Reconozcámoslo, a cualquiera se los humedecieron los ojos con la rueda de prensa del adiós de Andrés Iniesta. Más allá de sus geniales dotes futbolísticas, el manchego es un ejemplo para seguir en el deporte y en la vida, la personificación de una serie de valores que le engrandecen como persona y que aumentan la profunda admiración que recibe allá por donde va. Así han sido (y serán) los últimos partidos de Don Andrés en el fútbol español, de ovación en ovación. Queda únicamente por saber dónde le aclamarán a partir de los próximos meses. 

Cuando el genial centrocampista anunció su salida del Barcelona, por entonces se daba por seguro su desembarco en el fútbol chino. Concretamente, al Chongqing Dangdai Lifan, club que según medios españoles le habría garantizado un contrato de 81 millones en euros a lo largo de tres temporadas, además de otra inversión para garantizar la expansión de las bodegas Iniesta por el país asiático. Sin embargo, la entidad china emitió ayer un comunicado oficial en el que descartaba la llegada del español, especificando que no irían “en contra de la política de gastos de la Federación” y que rechazaban “distorsionar el mercado”. La buena noticia para el todavía 8 del Barça es que añadían su intención de “profundizar la cooperación” comercial con el manchego.

Casi al mismo tiempo que los chinos parecían retirarse de la subasta, un nuevo aspirante entraba en escena. Curiosamente se trata del Vissel Kobe, conjunto japonés cuyo propietario es Hiroshi Mikitani, también dueño de Rakuten, el patrocinador principal del club catalán. Las cifras que los nipones le ofrecerían son similares a las citadas en el párrafo anterior, con más garantías en sus derechos de imagen y la misma apuesta por el negocio vinícola del futbolista de Fuentealbilla. Dicha posibilidad ha despertado, además, un mayor entusiasmo entre los aficionados. 

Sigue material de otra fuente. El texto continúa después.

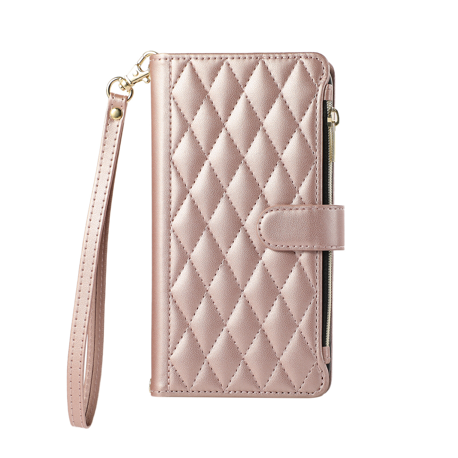 Plaid pattern Design zipper Crossbody Phone Case Flip Leather Card Slots Stap
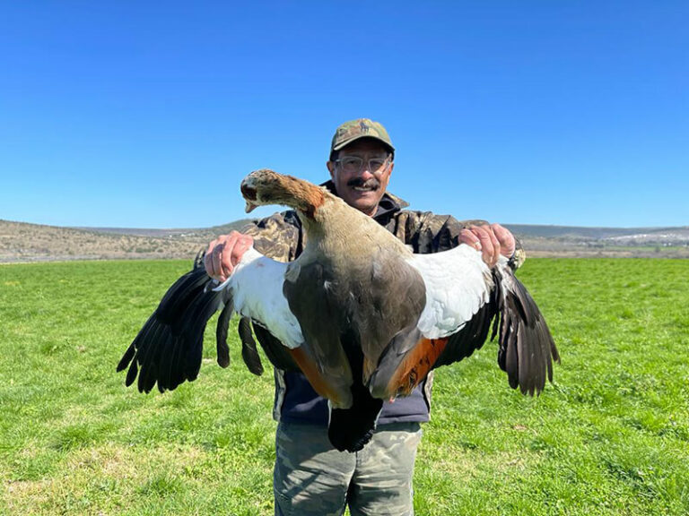 Our main shoot is decoyed geese on pastures. Main species being Egyptian Geese, other species include Cape Shell Duck, Spurwing Geese, Pigeons, Crows and more.

Cuando todo parecía encauzado hacia un final feliz, más desmentidos. Por un lado, del propio Vissel Kobe, “sorprendido” de estos rumores, y por otro, también de Rakuten, compañía que “no puede hacer ningún comentario” al respecto. Y mientras, otros medios nacionales abren las puertas de Australia. Según estas informaciones, el futbolista se muestra atraído por esta opción, en un torneo al alza y donde ya compitieron otras estrellas europeas, como Alessandro Del Piero

China, Japón, Australia. Y quién sabe si en las próximas horas no aparecerá el nombre de algún equipo estadounidense. La única certeza, a la espera de que la margarita se deshoje, es que Iniesta vive con entusiasmo el cierre de esta etapa en el Barça, apenas unos días después de su último Clásico y poco antes de cumplir los 34 años (este viernes). A la espera de la confirmación oficial sobre su destino, sigamos disfrutando con él y con su fútbol.